CityLab! Aberdeen started today

We started Aberdeen CityLab! today with a small gathering of ten students and two staff members in Make Aberdeen inside of Seventeen. This will be the start of our little revolution in how the city and its two universities collaborate to make a better city using design-led approaches to creative problem solving. While a fellow colleague had to leave before too long, she was able to see how things were going, and help kick the session off.

This week and next we are only meeting with the students from the University of Aberdeen, who start their term two weeks earlier than their fellow students at Robert Gordon University. The ten students explored what they hope to gain from the course as well as some of the differences between plan-based processes and unstructured design-based processes, and a simple exercise to make them more aware of their senses. Mainly, however, they had fun working hard at gaining new experiences.


They did some improv games to warm up so they learned about ‘yes, and …’ as well as the ‘one word story’, which went slower than I expected. Afterwards the used a Business Model You skills_abilities-bmu exercise, which looked at the activities they liked to do, which ones were favourites, and then listed activities they would like to learn, or improve upon. Then they compared these with another student, which was when the room got noisy again. The goal here was to make them aware of what skills they already have, and where they might want to improve during this course so that they graduate with a more rounded cv. Interestingly, they are all graduating students in their final year of studies.

The next exercise got them talking some more as they broke into two teams to build parachutes: one team followed details about how to make parachutes so they could safely land their jelly babies, while another team was allowed to ‘get on with it’ and build working parachutes following trial and error. Interestingly, both teams took just as long before they started testing their parachuting jelly babies. I had thought the trial and error team would be quickly trying their parachutes well ahead of the other team, but this didn’t prove the case.

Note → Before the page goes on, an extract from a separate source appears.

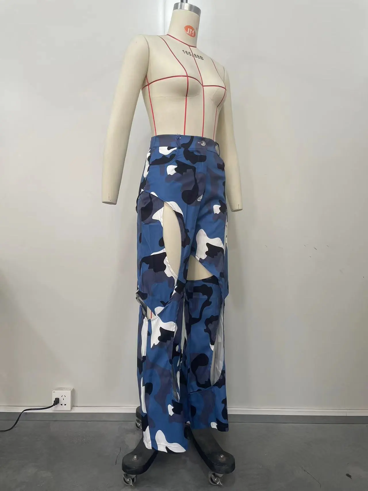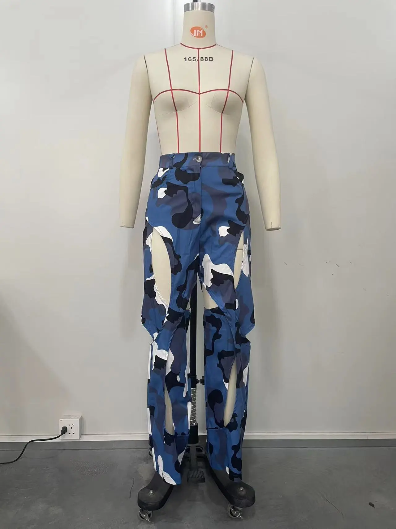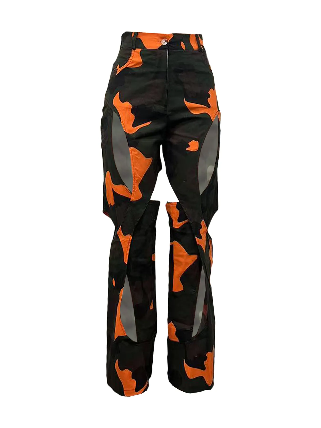 Fashion Digital HD Printing Hole Cross Straight-leg Overalls

However, the two teams did end up with quite different designs, and the trial and error team did end up with a parachute that would carry more weight slowly to the ground, but this is because they provided a gondola for their jelly babies whereas the other team tied them all together below the parachute.

Lastly, the students paired off to go explore the city. One blindfolded student was guided by their partner to a local plaza, and then they swapped over for the return journey. While some found this kinda scary, others felt safe and secure knowing that their safety was being handled by the guide. This worked well as a way to bring the theme of listening to hear full circle and sensitive the students to thinking about the conditions in the city for people and how our spaces are organised.

This session went well. The students felt the only problems were that I wasn’t always clear enough with my instructions of what I wanted them to do, and that i next time I should provide more jelly babies, while also mixing up the teams some more so that they had more opportunities to work with different people. On the good side they had fun, and liked the different exercises for the morning. I think as well that I’ll have to add in a break of some sort for a bit of time to get coffee or tea during the three-hour session.